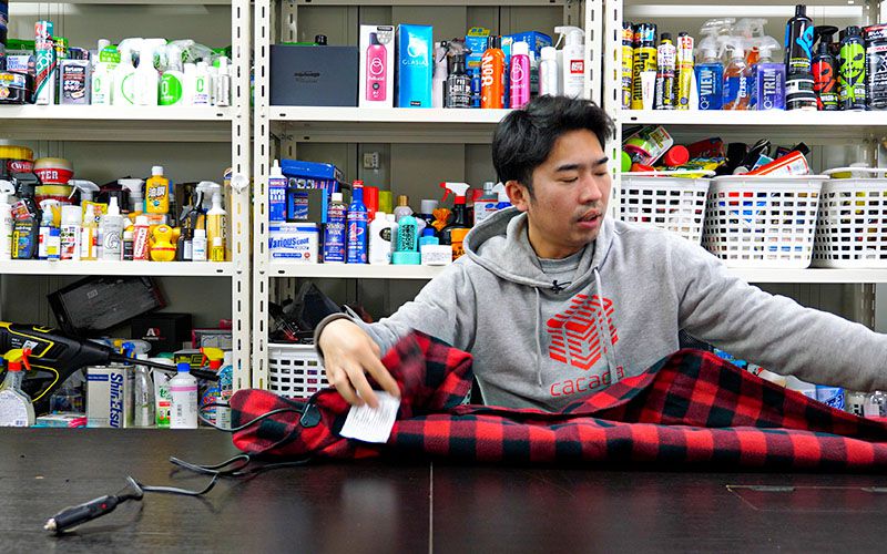 今回は12Vで使える電気毛布を使ってみました。使い方も簡単ですぐに暖まるので、購入して良かったです。
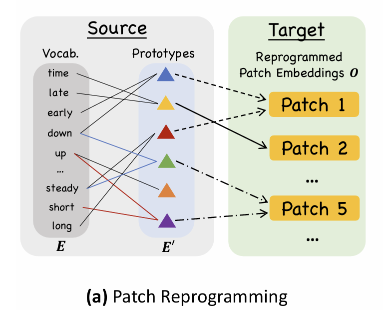 通过 cross-attention,将 patch 重编程为这些原型的组合
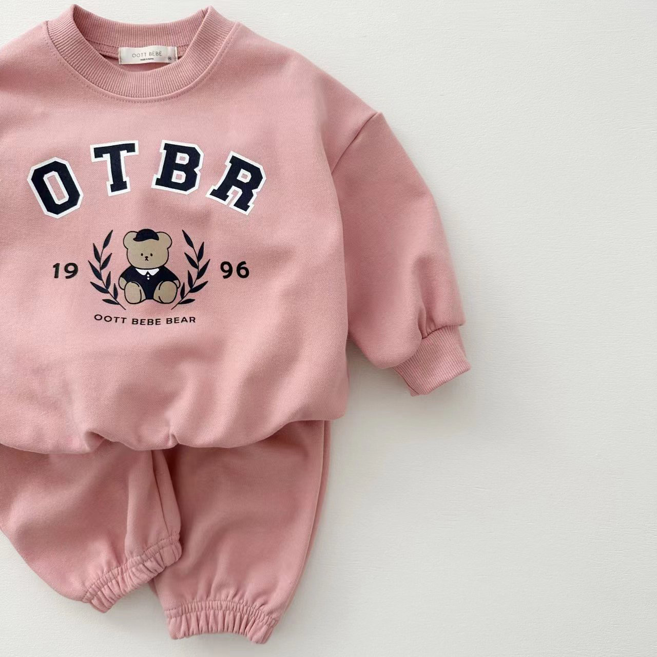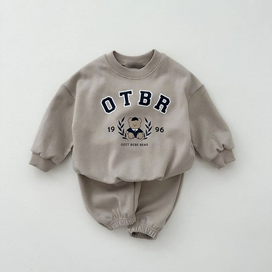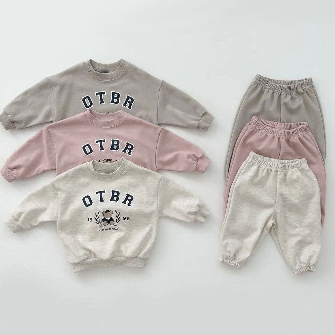 한국 스타일 봄 가을 신상 남녀 아기 면 세트 유아용 곰 프린트 긴팔 스웨트셔츠와 조거 팬츠 투피스 세트
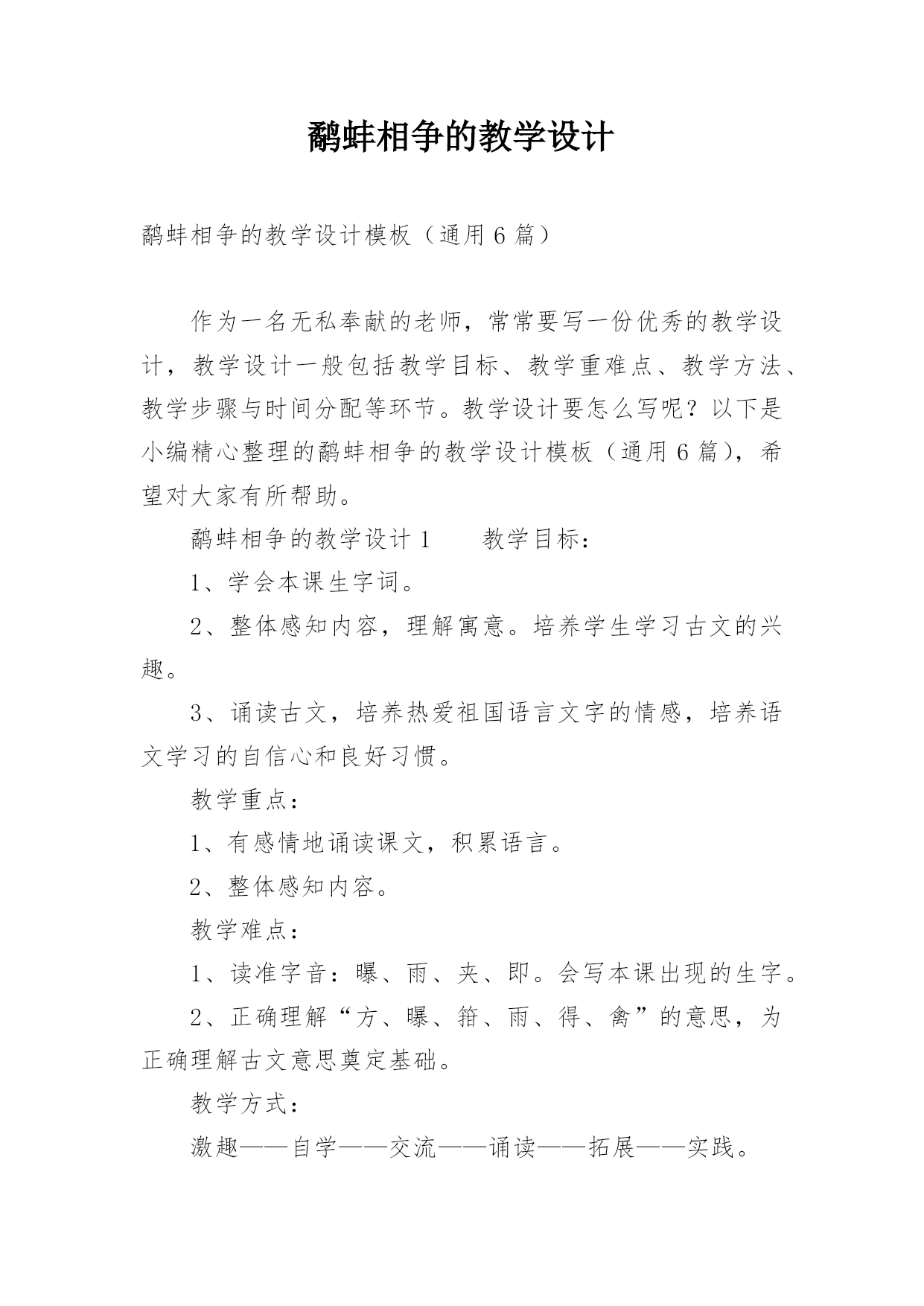 鹬蚌相争的教学设计鹬蚌相争的教学设计模板(通用6篇)作为一名无私奉献的老师,常常要写一份优秀的教学设计,教学设计一般包括教学目标、教学重难点、教学方法、教学步骤与时间分配等环节。教学设计要怎么写呢?以下是小编精心整理的鹬蚌相争的教学设计模板(通用6篇),希望对大家有所帮助。鹬蚌相争的教学设计1教学目标:1、学会本课生字词。2、整体感知内容,理解寓意。培养学生学习古文的兴趣。3、诵读古文,培养热爱祖国语言文字的情感,培养语文学习的自信心和良好习惯。教学重点:1、有感情地诵读课文,积累语言。2、整体感知内容。

TASK DESCRIPTION:
Give the listing above again word for word, without its pictures.

RESULT OF THE TASK:
 今回は12Vで使える電気毛布を使ってみました。使い方も簡単ですぐに暖まるので、購入して良かったです。
 通过 cross-attention,将 patch 重编程为这些原型的组合
 한국 스타일 봄 가을 신상 남녀 아기 면 세트 유아용 곰 프린트 긴팔 스웨트셔츠와 조거 팬츠 투피스 세트
 鹬蚌相争的教学设计鹬蚌相争的教学设计模板(通用6篇)作为一名无私奉献的老师,常常要写一份优秀的教学设计,教学设计一般包括教学目标、教学重难点、教学方法、教学步骤与时间分配等环节。教学设计要怎么写呢?以下是小编精心整理的鹬蚌相争的教学设计模板(通用6篇),希望对大家有所帮助。鹬蚌相争的教学设计1教学目标:1、学会本课生字词。2、整体感知内容,理解寓意。培养学生学习古文的兴趣。3、诵读古文,培养热爱祖国语言文字的情感,培养语文学习的自信心和良好习惯。教学重点:1、有感情地诵读课文,积累语言。2、整体感知内容。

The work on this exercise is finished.